In fact, Doctor Who fans will find much more to chew on than that! Four other tracks were also used in Inferno: Attack of the Alien Minds (a shrill, whistling track reminiscent of birdsong), Build Up To (low-key ambient dithering), Homeric Theme (a deep throbbing rumble, with moody accents) and Souls In Space (ethereal wind-like noises). Incidentally, Build Up To was also used in the Pertwee story Colony In Space.

The audio quality is quite reasonable, considering the age of the source recordings, and the multi-track nature of the material. Dynamic range is a little cramped, as you’d expect, but there’s little distortion, and only a smidgeon of tape hiss.

Most of the tracks are less than two minutes long, and some are only a few seconds long, so it should come as no surprise to find that the entire disc runs for just over thirty-one minutes. It’s a good length for casual listening: much more would start to drag.

Trunk Records’ focus is on selling this as a ground-breaking collection of early British electronica. The fact that it also happens to be music from The Tomorrow People just gives them a handy hook to peg it on. If it was a proper Tomorrow People album, it would surely feature the wonderfully-languid variations on Dudley Simpson’s theme that were regularly used to build menace. It’s unlikely that these tapes still exist, though, sadly.

The disc is modestly packaged, with a simple three-colour, four-page booklet. There are anecdotal sleeve notes that detail how the album came about, some of the history behind the original recordings, and short profiles of the four composers involved, but little else. The notes explain that they’d have liked to have offered a glossy booklet packed with stills from the series, but spent the budget on sourcing and licensing the music instead. Fair enough!

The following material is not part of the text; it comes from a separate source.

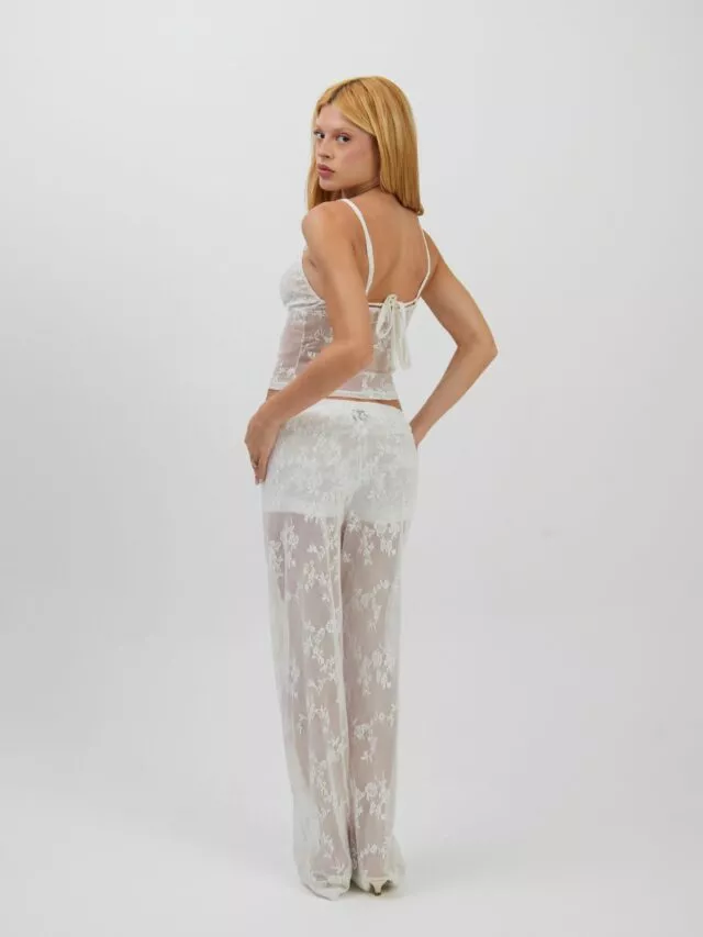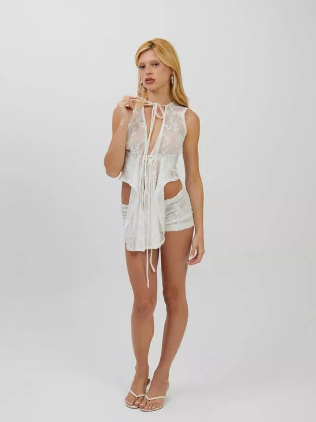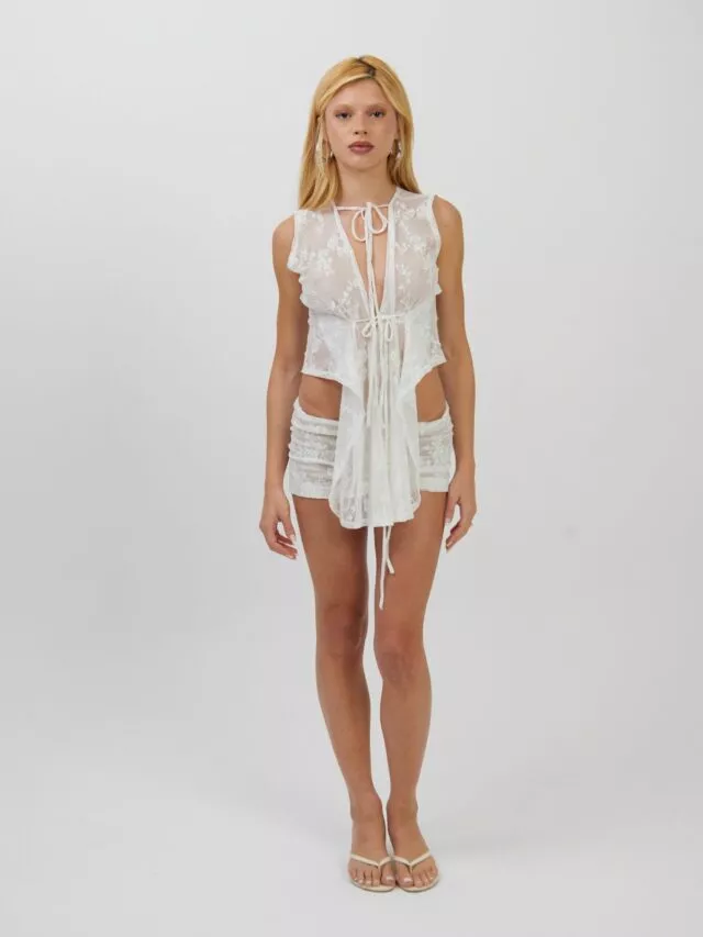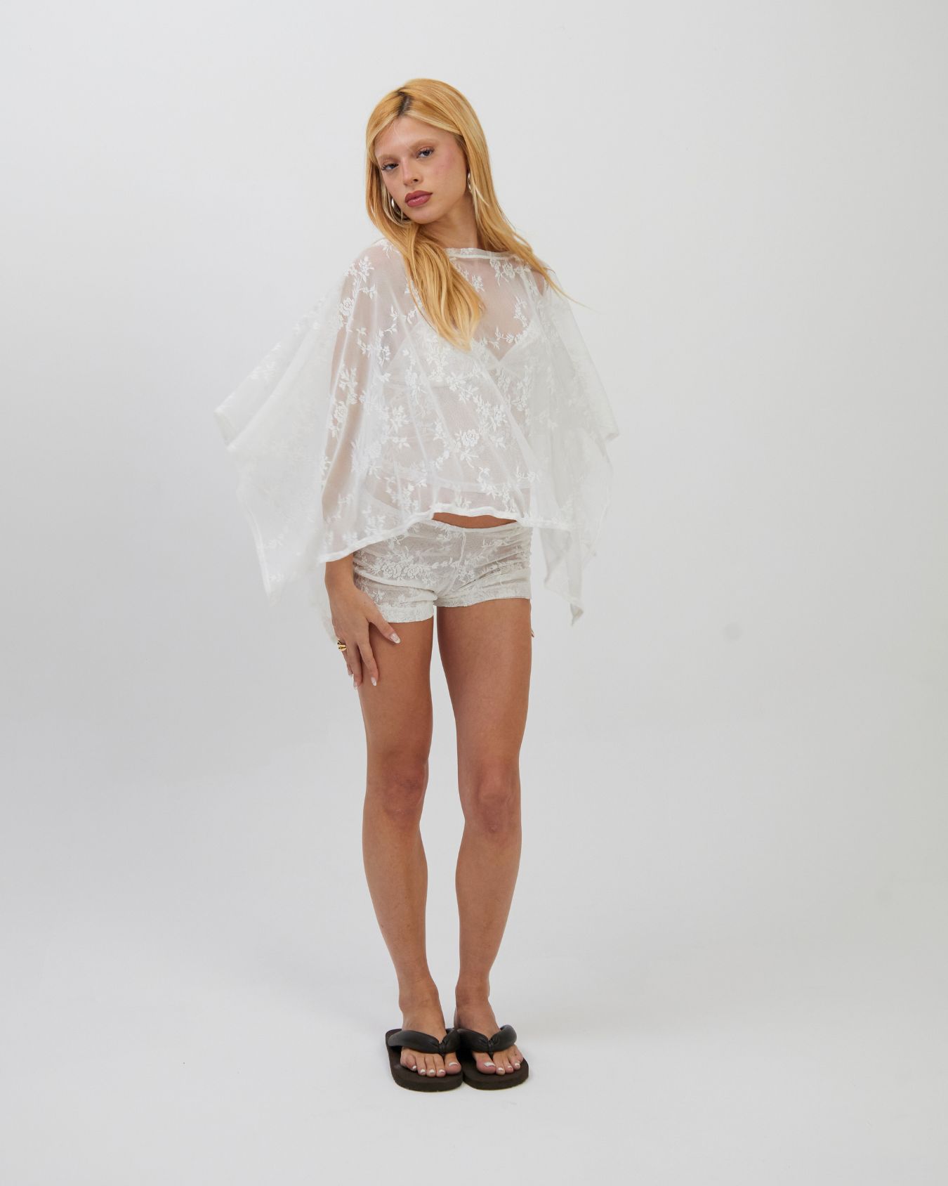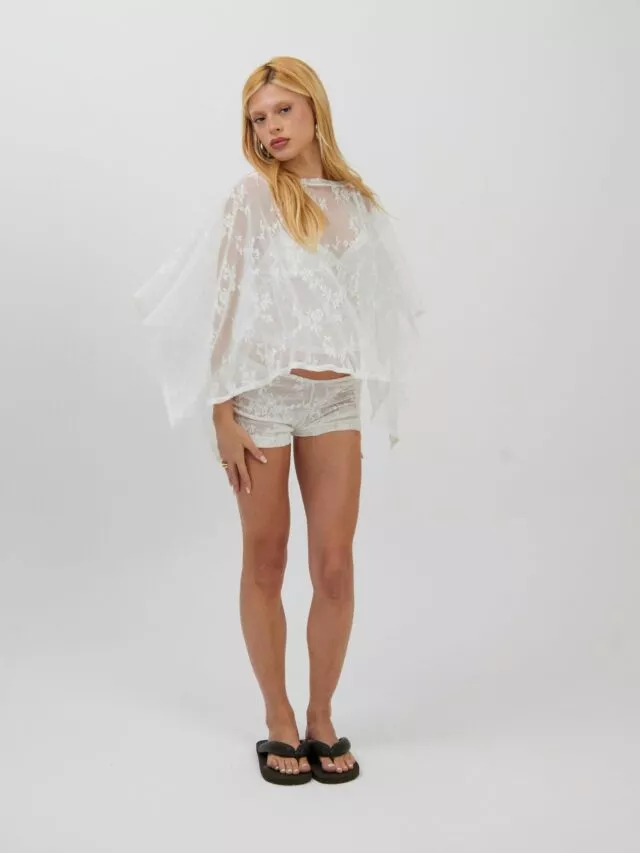 DESCRIÇÃO: Mini shorts confeccionado em renda floral. Modelagem curtinha com cintura baixa e transparência suave, ideal para usar por baixo das nossas peças em tule e renda ou para compor looks de verão com um toque romântico. Dica de ouro: fica perfeito combinado com nossa calça renda ou como base para vestidos e saias translúcidas!

If you’re a fan of The Tomorrow People or Doctor Who, or if you enjoy the wonderful bleeps and gurgles created by the BBC’s Radiophonic Workshop, this album comes highly recommended. As a relative obscurity, pressed in limited numbers, now would be a good time to grab a copy. Otherwise you might have to - as the small print on the back of the sleeve says with some bitterness - “go to ebay where people try and sell illusive [sic] Trunk releases for loads of money and sometimes get lucky”!

Amazon are currently offering the disc for £7.99. At that price, there's really no excuse not to buy.


Track list:

1) The Tomorrow People Theme (Simpson)
2) Lure of the Space Goddess (Russe / St George)
3) Battle Theme (St George)
4) Homeric Theme (St George)
5) Greek Concrete (St George)
6) Attack of the Alien Minds (St George)
7) Gothic Submarines (Russe / St George)
8) Whirring Menace (St George)
9) Souls In Space (St George) 
10) Time Capsule (St George)
11) Restless Relays (Russe / St George)
12) Planetarium (Russe)
13) Wet Asteroid (St George)
14) Way Out (Russe)
15) Fresh Aire (Russe)
16) Delia's Theme (Russe)
17) Tentative Delia (Russe)
18) Delia's Idea (Russe)
19) Delia's Psychadelian Waltz (Russe)
20) Delia's Resolve (Russe)
21) Delia's Dream (Russe)
22) Delia's Reverie (Russe)
23) Delia's Fulfilment (Russe)
24) Build Up To (Vorhaus)
25) Snide Rhythms (Vorhaus)
26) The Tomorrow People Theme (Simpson)


Related Link: Review of Trunk Records' soundtrack for The Wicker Man


* I believe the full version of the track might have been released before, on a long-deleted Silva Screen compilation called The Man From UNCLE and Other Themes. I have a copy of this disc, but couldn't lay my hands on it for this review.